Riverhead man’s a waiter by day, but an artist at heart

by Jennifer Gustavson

For Riverhead expressionist artist Thomas McSwane, art is more than just painting a landscape as it appears to the naked eye.

His watercolor technique involves adding the feeling he gets when looking at North Fork landscapes — including its energy and hidden colors and patterns.

The husband and father of four children said he has projected those meditative feelings into his art for the past 43 years by adding an array of bold, swirling colors to his landscape pieces. Mr. McSwane describes the method as “Landscape-Inscape,” which is also the title of his latest art exhibit at the Jedediah Hawkins Inn Art Barn in Jamesport.

“The idea of inscape is a philosophical thought from the Middle Ages that also has to do with poetry,” he said. “The idea is about the beauty of the creative world around us and how it’s more than just what you see.”

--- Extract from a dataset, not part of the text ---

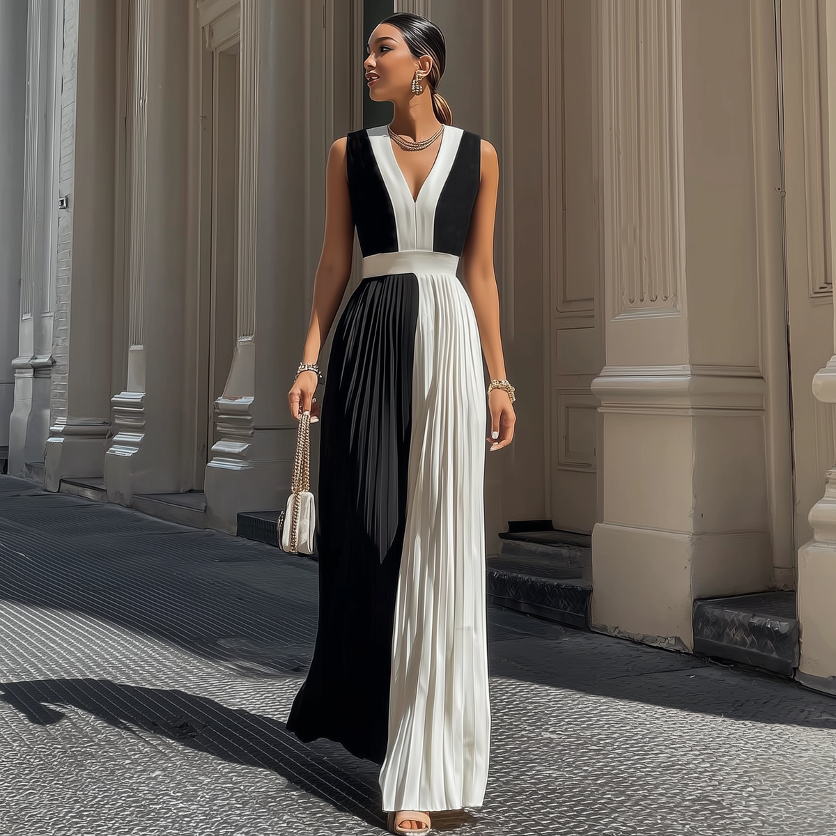 Black And White Contrasting Asymmetrical Pleated Jumpsuit

Originally from the Los Angels area, Mr. McSwane earned a Bachelor of Fine Arts from San Diego State University and studied art history and art criticism at Stony Brook University’s masters program under renowned artist Donald Kuspit.

Over the course of his art career, Mr. McSwane has showcased his work in a variety of art galleries, including in Greenport and Riverhead, as well as in St. Peter’s Church in midtown Manhattan. While painting and raising his children, Dillon, 17, Josie, 21, Jessie, 27, and Dustin, 30, Mr. McSwane has also worked as a host and waiter at Tweed’s Restaurant and Buffalo Bar since it opened in downtown Riverhead.

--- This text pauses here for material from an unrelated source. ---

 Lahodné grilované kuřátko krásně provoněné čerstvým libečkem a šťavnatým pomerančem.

“I’ve been painting for so many years and through raising and supporting a family, there has always been my art,” Mr. McSwane said.

In addition to his own garden, Mr. McSwane said he enjoys painting the Peconic Bay and Indian Island, as well as other landscapes across Long Island. An active member of the Living Water Church in Aquebogue, Mr. McSwane also gains his inspiration from the Bible.

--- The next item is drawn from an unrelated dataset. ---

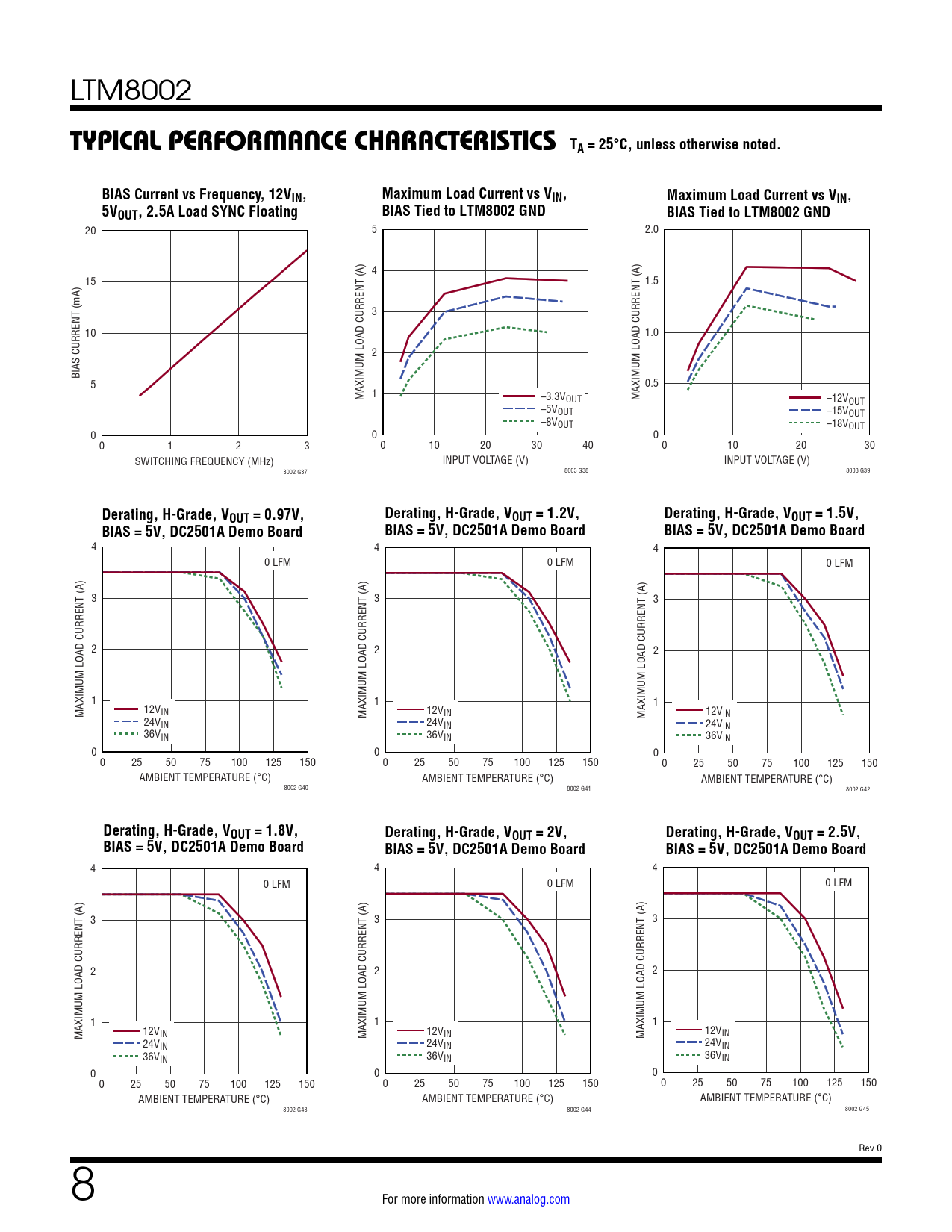 TYPICAL PERFORMANCE CHARACTERISTICS TA = 25°C, unless otherwise noted. BIAS Current vs Frequency, 12VIN, Maximum Load Current vs VIN, Maximum Load Current vs VIN, 5VOUT, 2.5A Load SYNC Floating BIAS Tied to LTM8002 GND BIAS Tied to LTM8002 GND

During his exhibit’s opening reception Sunday, Mr. McSwane — wearing rainbow-colored, thin-rimmed circular eyeglasses — said he recently decided to put together a show after a 10-year break from exhibiting his work when his wife, Nancy, started to categorize his art this summer.

Ms. McSwane, a vocal drama coach, said she loves looking at her husband’s paintings because she sees “joy” and “excitement” in each one.

“I see another world, even though it’s a painting of my front yard,” she said of Mr. McSwane’s “Tree in the Middle” painting. “It’s not just a brown tree. He takes the other hints of colors and brings them out.”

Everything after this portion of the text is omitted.